I can see from his light that the fog is thinning and it’s getting colder but we don’t notice it now and after a while we unzip our jackets to keep from sweating.


I duck walk onto the icy sidewalk and join the throngs headed for “the loop” or downtown area of Chicago.  It looks a bit goofy and stilted walking on ice but anyone that doesn’t do it will bust his ass.  It takes practice to stay completely balanced with your weight centered at all times but it’s the only way to stay unbroken.   It’s only two blocks form the station to my office but part of that is over the river.  Steam rises off of the river in the freezing air as I walk over the bridge.  A bum sits huddled near one end where people can’t avoid him. I ignore him… his jacket is better than mine anyway. 

Salt crunches under my hard soled shoes as I push my way through the revolving glass doors into my office.  Red carpets have been rolled out to keep people from slipping on the water and slush tracked in onto the new marble floors.  On one side a wall of windows stretches to the second floor and I look out into the mess that I’ve just come through.  Sensation slowly comes back into my fingers and toes as I trudge to the elevator for my three minute ride into corporate America.  I want badly to go back home now.  But it’s cold and nasty enough that I decide it’s better to stay for the rest of the day as I recite all of the things I hate about it again.


We ease through the woods as silently as possible and find our way to the stand.  The sun is starting to lighten the sky and it’s getting easier to see.  He’s fallen twice more in the dark but seems to be handling it well.  He just gets up without a word and tries again.  I’m proud of him.

I make him check that his gun is unloaded again and show him how to tie it onto the line that’ll let him pull it up.  We used to climb with our guns but this way is much safer.   I show him how to climb the ladder to the stand by always keeping three points of contact and explain to him how to best turn around and get seated once he’s at the top. 

If you think you’re brave try climbing a twenty foot ladder… and figure out how to turn around and sit down… at ten years old… in the dark.   He does a good job of it while I stay below to play catch if something goes wrong.   He never balks at the task and follows my whispered instructions exactly.

I quickly climb up and sit beside him before showing him how to pull his gun up safely.   He breaks the single shot open just like I’ve taught him and I give him a shell to put into it. He knows what it is, we spent 45 minutes at Outdoor World looking for exactly the right load.  When he unloads it later I’ll let him keep that shell in his pocket.  I nickname him Barney for the day.  It’s a joke that he doesn’t get of course but one that I find completely hilarious so I stick with it.

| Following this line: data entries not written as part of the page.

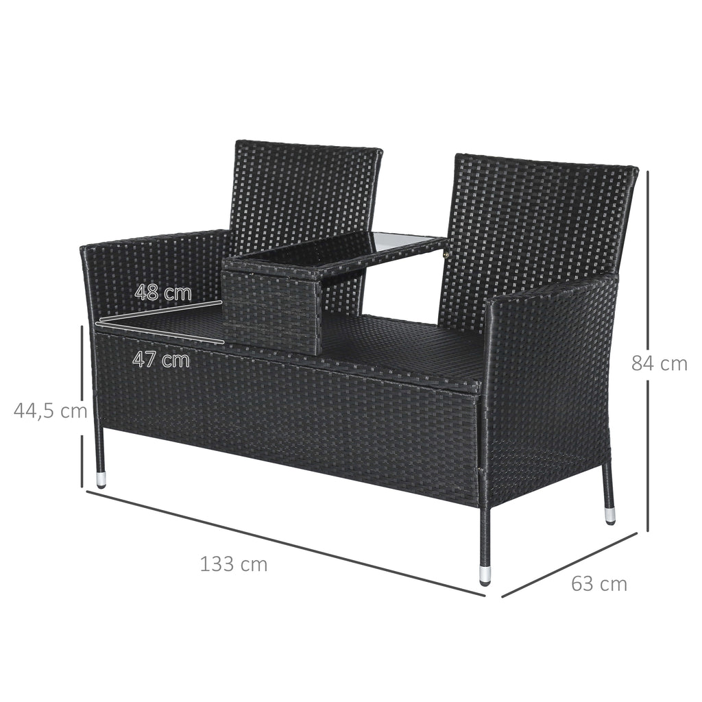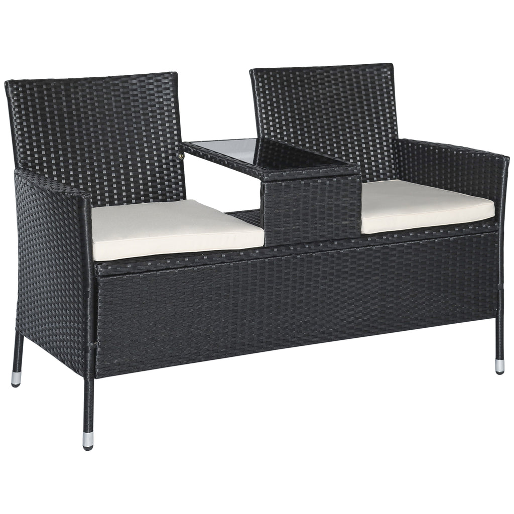 Wenn Sie sich eine bequeme Sitzmöglichkeit samt Ablagefläche zur Entspannung im Garten oder auf der Terrasse wünschen, werden Sie mit unserer bequemen 2-Sitzer Gartenbank von Outsunny bei uns fündig. Unsere 2-Sitzer Gartenbank ist wegen des wasser- und schmutzabweisenden, UV-beständigen Polyrattan-Geflecht optimal für den Einsatz im Außenbereich geeignet. Damit Sie darauf gemütlich sitzen, sind zwei weich gepolsterte Sitzkissen mit abnehmbaren Bezügen mitgeliefert. Auf dem integreirten Tisch finden Ihre Tassen, Gläser oder andere Gegenstände ihren Platz.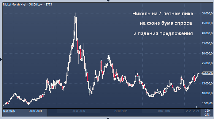 Ожидается, что никель, ключевой компонент аккумуляторов электромобилей, будет одним из видов сырья, которое больше всего выиграет от глобального перехода на низкоуглеродные источники энергии. Tesla Inc. в июле заключила сделку по поставке никеля BHP Group, поскольку производитель электромобилей стремится защитить себя от будущего кризиса поставок. Между тем, рост китайского производства нержавеющая сталь подогревает спрос на никель с другой стороны. Фьючерсы на нержавеющую сталь выросли на 2,7%, а на стальную арматуру - более чем на 4%.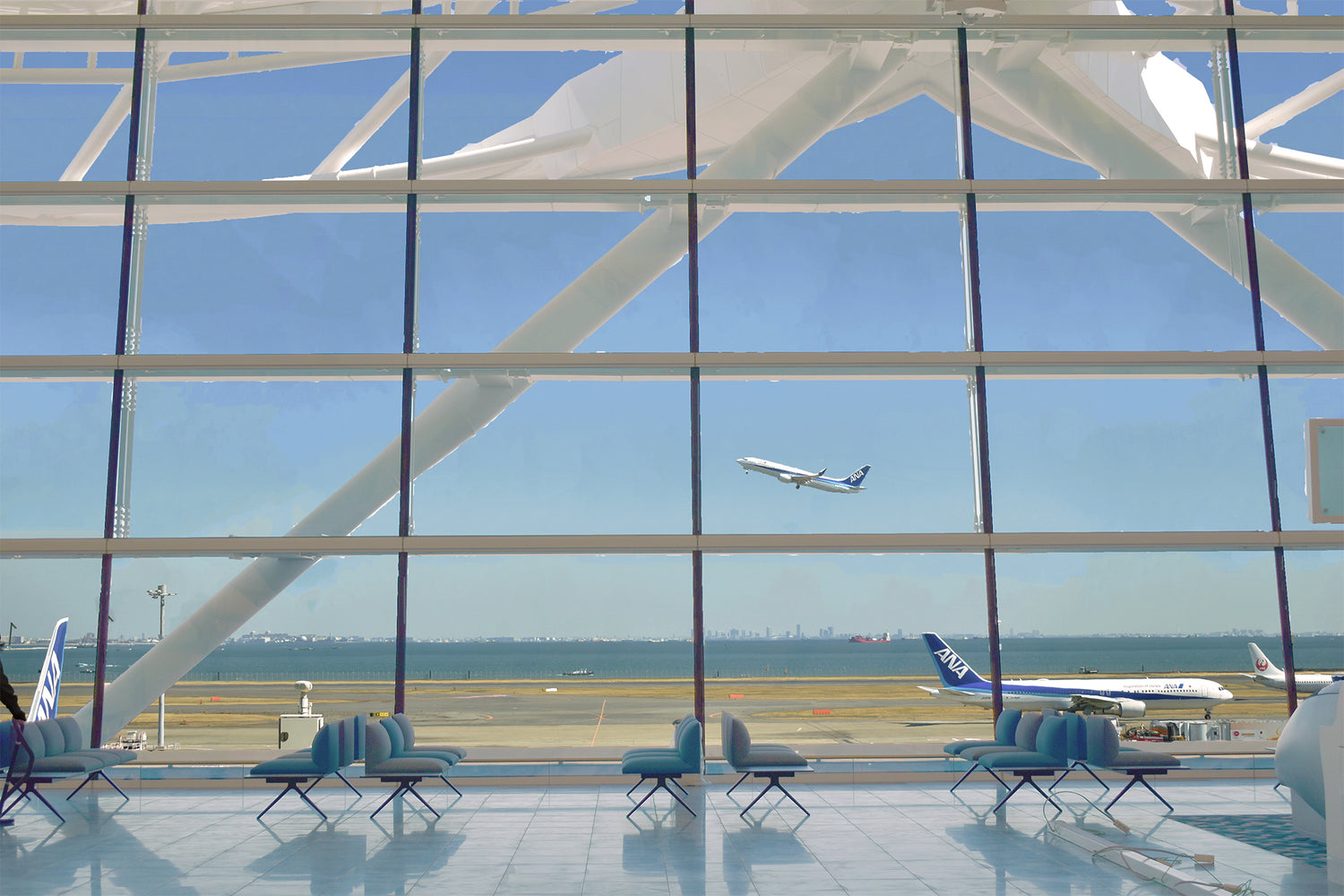 羽田空港には3つのターミナルビルがあり、第1ターミナルは地下1階/地上6階建て+展望デッキで高さは30メートル、第2ターミナルは地下1階/地上5階建てで高さは32メートル、第3ターミナルは地上5階建てで高さは25メートルです。「日本の首都、東京なので高層ビルの空港だったらカッコいいのに」と思う方もいそうですが、空港周辺には『制限表面』という規制があり、飛行の障害とならないよう、一定の高さを超える建物は建てられないことになっています。唯一の例外は管制塔ですが、ターミナルビルは周りに高い建物がないため視界が開けており、第1ターミナル展望デッキからは遠く富士山、第2ターミナルの展望デッキからは東京湾を挟んだ対岸の千葉県の工業地帯まで見渡せます。

We’re in a good spot that catches the Sun as soon as it rises.  We warm slowly as we watch the sunrise cause the remaining fog to first glow a thousand shades of orange and then burn away.  The day dawns perfectly clear and the wet pine needles shine a bright green off to our left.  It’s a truly fantastic day and we enjoy it.  Teacher and student.  Buddies. Side by side for a common task in the cold of the North Carolina woods.  I quietly recite to myself all of the things that I love about living here as we pass the morning hunting.


2 thoughts on “Cold…

  • December 16, 2009 at 9:45 pm

    Memories to put a smile on your face?
    Yours… and especially his. Thanks for sharing.

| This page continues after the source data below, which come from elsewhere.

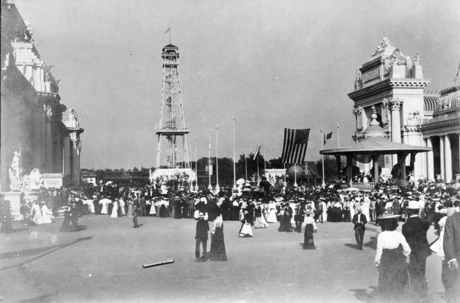 Crowds gather at the 1904 World’s Fair in St. Louis, where Maud Wagner met her future husband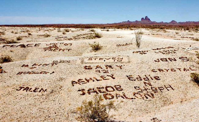 For over 70 years, people have been driving out in their RVs to a remote desert near the city of Yuma in Arizona to write their names and leave messages on the desert floor. Unlike regular graffiti that’s harmful to the environment, the messages in Valley of the Names are spelled out by carefully arranging rocks and small boulders in the hard-packed white sand. The practice began during World War II, when General George Patton took his soldiers to the flat, rocky area to train. The training camp — known as the Desert Training Center — was the largest military training ground in the history of military maneuvers. The grounds of the camp stretched from the outskirts of Pomona, Calif., to within 50 miles of Phoenix and to the southern tip of Nevada. The earliest messages were made by the soldiers, and the area was rediscovered by off-roaders in the 1960s. By the 1970s, what used to be a 4-acre area with a few hundred names swelled to thousands of names spread over 1,200 acres of the desert floor. Every few years, a team of volunteers goes out to clear away debris strewn by the desert winds and replace rocks that might have washed away storms. The messages are considered invaluable, with some of them being over 50 years old. Because the rocks that were there were used up, a long time ago visitors today have to haul their own rocks in to create their messages.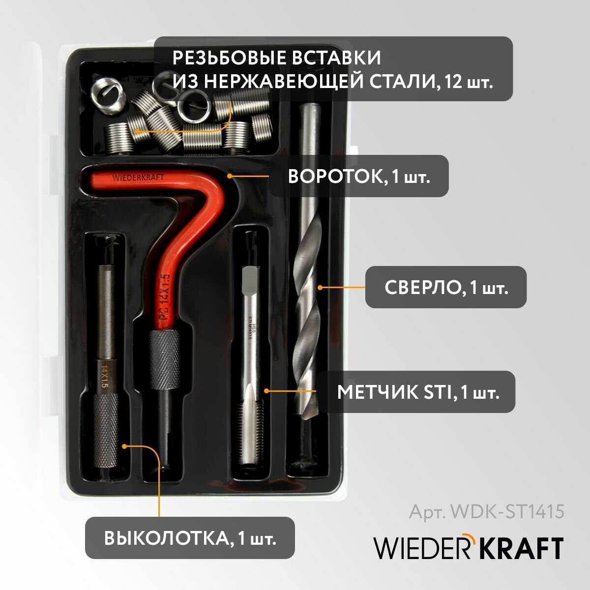 Купить Набор для восстановления резьбы M14X1,5, 16 предметов WIEDERKRAFT WDK-ST1415 с доставкой по всей России.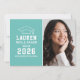 Announce your high school or college graduate in style with this graduation announcement and party invitation. Two-sided card features a senior portrait of the graduate with grad cap and simple and modern white typography design. Aqua or robin's egg blue background can be changed to a different colour with the "Customise It" feature, then Edit / Background to select another colour.

  • December 22, 2009 at 2:07 pm

    Tommy, this fascinated me. My eyes glued to the page. Sometimes a smile. A chuckle. Even a tear. It’s a wonderful story, and I loved the back and forth element. Talented writer. Loving uncle. I can imagine the boy’s determination to model the teacher, the desire to please one he loves and respects. The teachers’ love for the boy. Elder making sure youngun grows in the family traditions taught by a slap to the head. My heart finds another seed of affection for you. Clansmen by chance. Friends by choice.